Solutions HWB04

2.2:

 

For the ungrouped data as given in the table on page 25, the frequency polygon is the broken line joining the points

(1,0), (2,1), (3,1), (4,2), (5,2), (6,1), (7,0), (8,0), (9,0), (10,1), (11,0).

 

For the grouped data as given in the table on page 29, the frequency polygon is the broken line joining the points

(-1.5,0), (1,1), (3.5,3), (5.5,3), (9,1), (14,0).

2.12:

This phenomena is explained in the article handed out with the material of
the first class. 

If you ask each student the size of his/her classes, the perceived
average size is larger than the actual average.  Suppose there were just
two classes, one of size 2 and one of size 12.  The average class size is
(2 + 12)/2 = 7.

Yet 12 of the students report their class size as 12 and two students
report their class sizes as 2.  So if you average out the reported class
size of the 14 students, you get
{(12 + 12 + 12 + 12 + ... + 12) + (2 + 2)}/14 = {144 + 4}/14 = 10.57 
So the actual mean is 7, the perceived mean is 10.57. 

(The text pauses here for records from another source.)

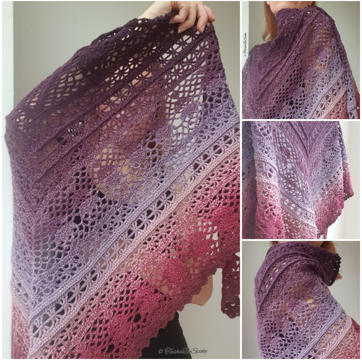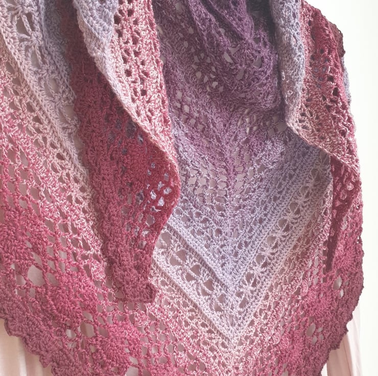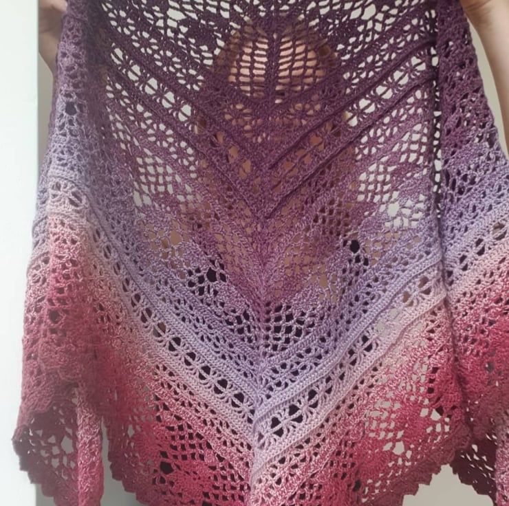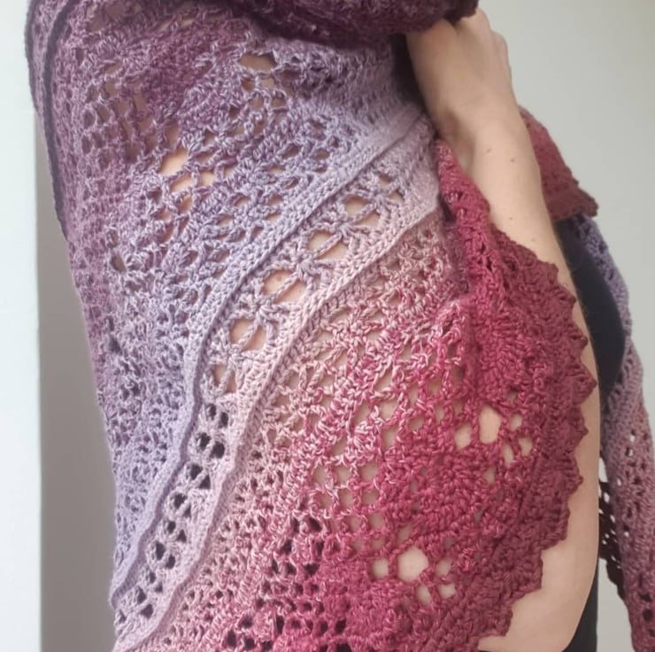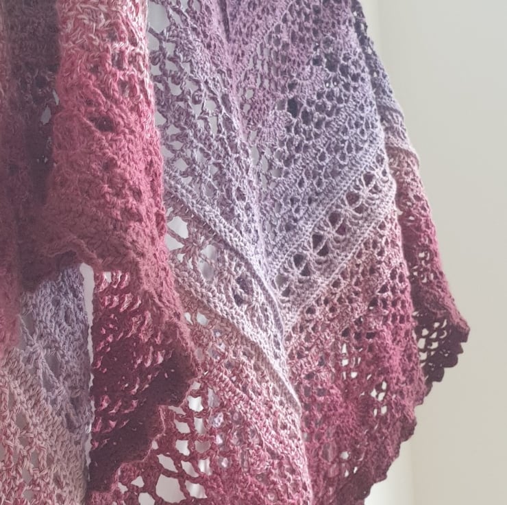 Care: hand wash in warm water with a mild detergent suitable for delicate garments, rinse. No twisting or wringing of the shawl. Roll it in a towel and let the towel absorb water. Spread the shawl flat to dry.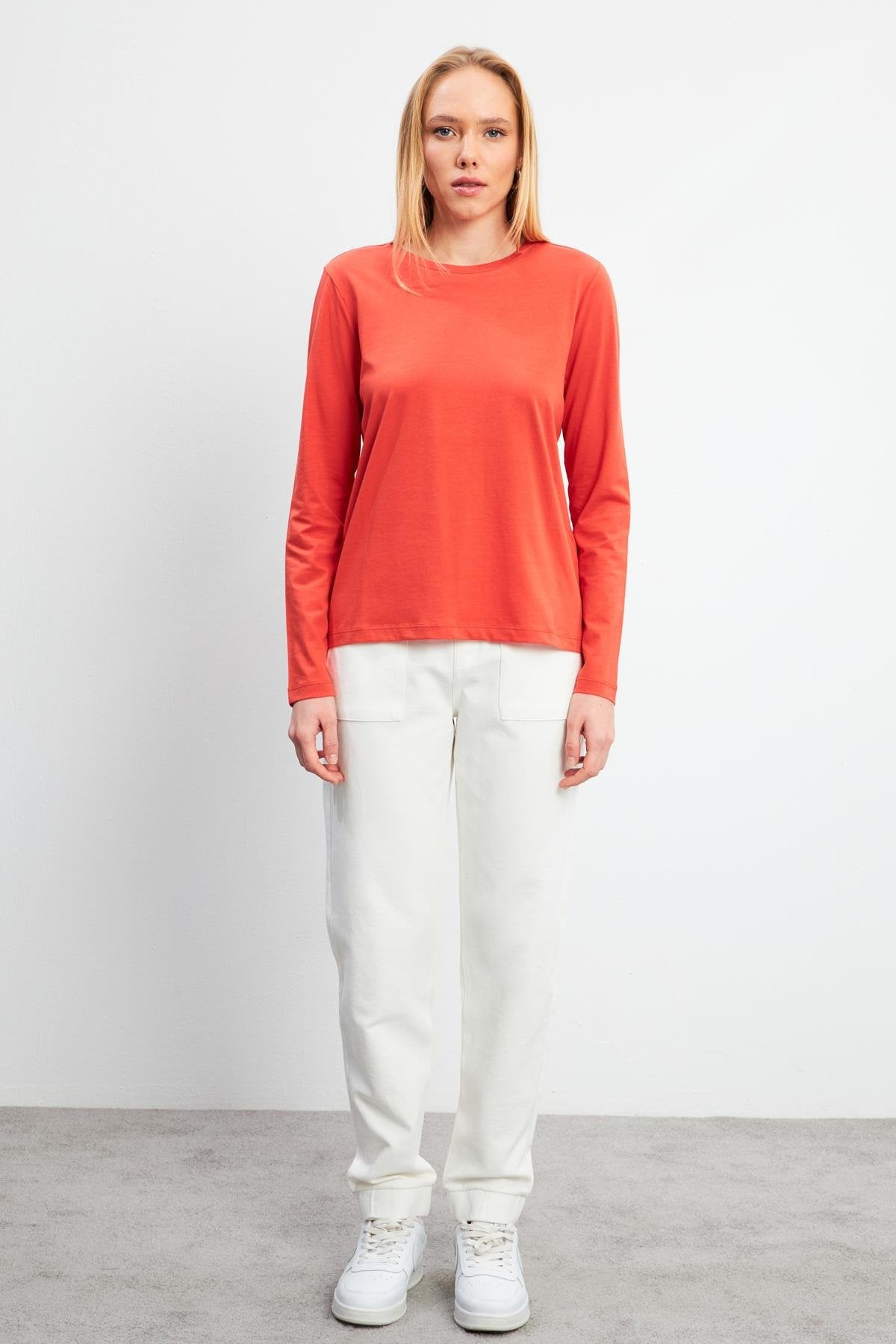 Kadın Gloria Bisiklet Yaka Regular Fit Uzun Kollu Basic Tişört %100 Pamuk - Terracotta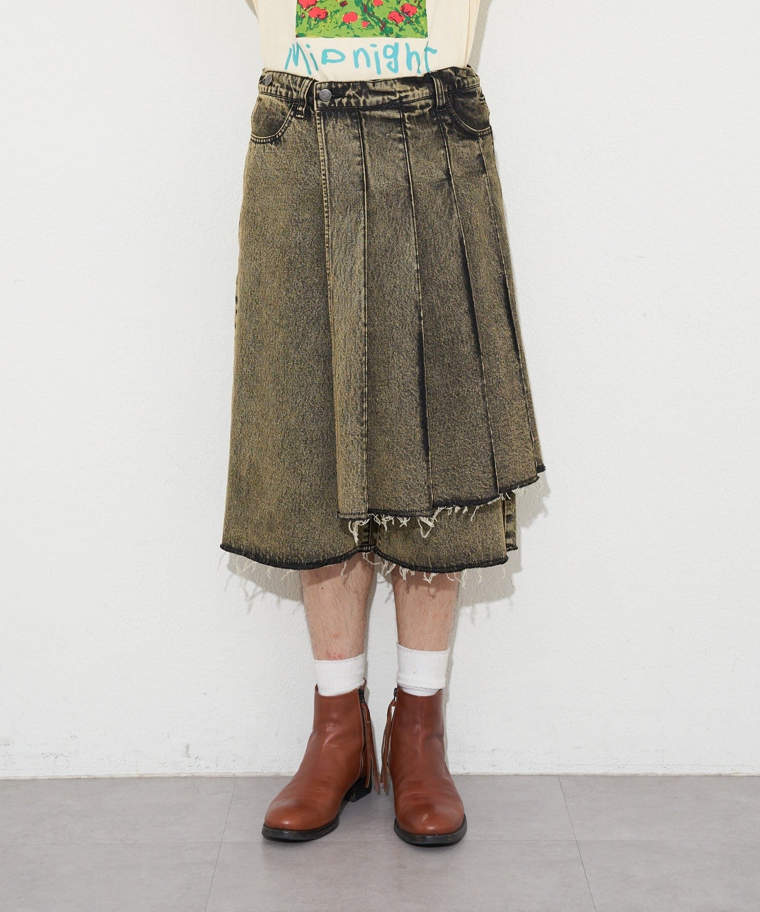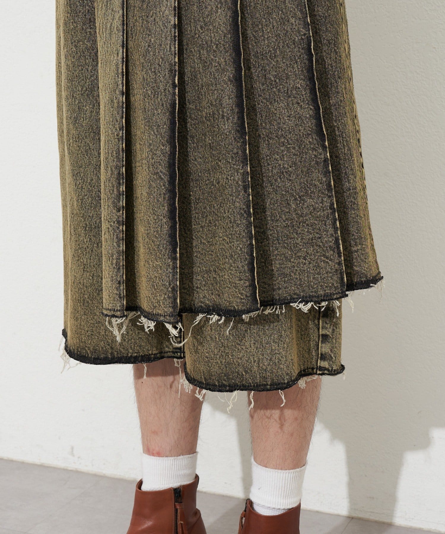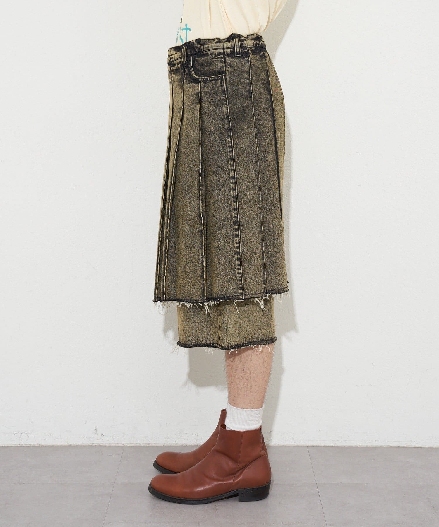 【ANTI WARP /アンチワープ】スカートレイヤードハーフデニムパンツ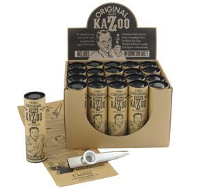 Product Description A Kazoo produces a pleasant 'buzzing' sound when you hum, sing or speak into it. The quality of the sound is very much dependant on the standard of the player, if you can sing or hum in tune - then you can play the Kazoo. A Kazoo is a member of the 'Membranophone' musical classification which is in the percussion instruments as the sound is created through a stretched membrane. This is broken down again into a sub category known as 'Merlitons'. The sound being created by a vibrating membrane. This Clarke Tinplate Kazoo is finished in Silver. It has a threaded cap and neck for easy tuning and membrane replacement. It comes attractively gift packaged in a tube with history and information sheet. 0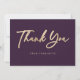 Express your gratitude with this minimalist, yet elegant purple and gold thank you card featuring a modern faux gold foil script font on the front and custom text at the back.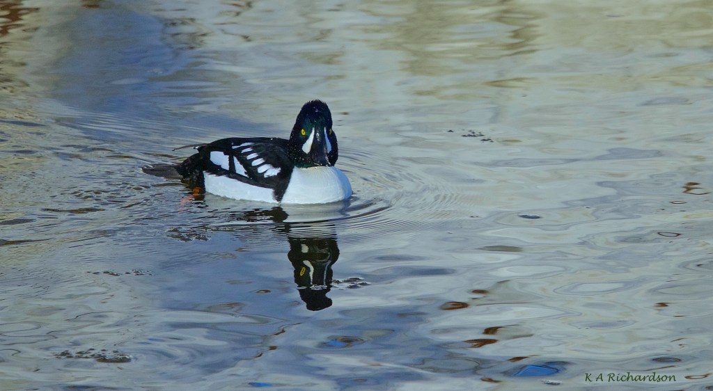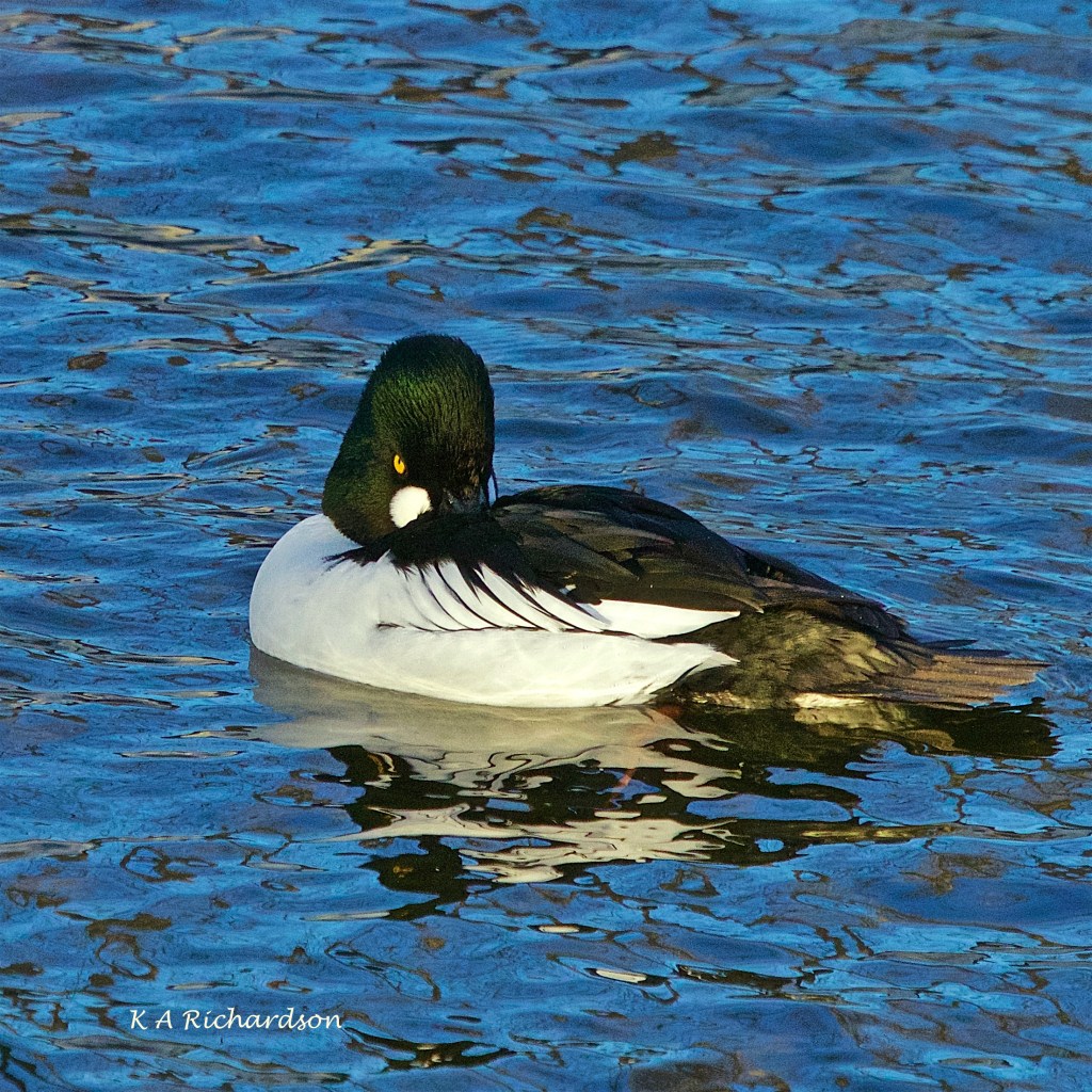 On the 26th, with only limited light, went back again and there they were — the usual raft of COGOs plus, I noticed almost accidentally as they’re quite unexpected here this time of year, a single pair of Barrow’s Goldeneyes, just waiting to be recorded. The COGOS seemed more hungry than were wary on this occasion and gave me pretty good access. The BAGOs were much less secured, but allowed a few shots. The light, however, was not what it can be, and the results while okay were not great.

2.26:  Various answers are possible depending on the grouping.

Suppose we group as follows

 

(each class includes left endpoint, but not right endpoint)

  Class   freq

  [2,4)     2

  [4,6)     1

  [6,8)     8

 [8,10)     3

[10,12)     2
Sum:       16.

 

Then the ogive is the broken line joining the points

(2,0), (4,2), (6,3), (8,11), (10,14), (12,16).

Converting the vertical axis to percentages (where 16 = 100%),

The ogive is the broken line joining the points

(2,0%), (4,12.5%), (6,18.75%), (8,68.75%), (10,87.5%), (12,100%)

So the 50^th percentile is 7.25, because the line joining (6,18.75%) and (6,68.75%) goes thru the point (7.25,50%).

And the 90^th percentile is 11.6, because the line joining (10,87.75%) and (12,100%) goes thru the point (11.6,90%).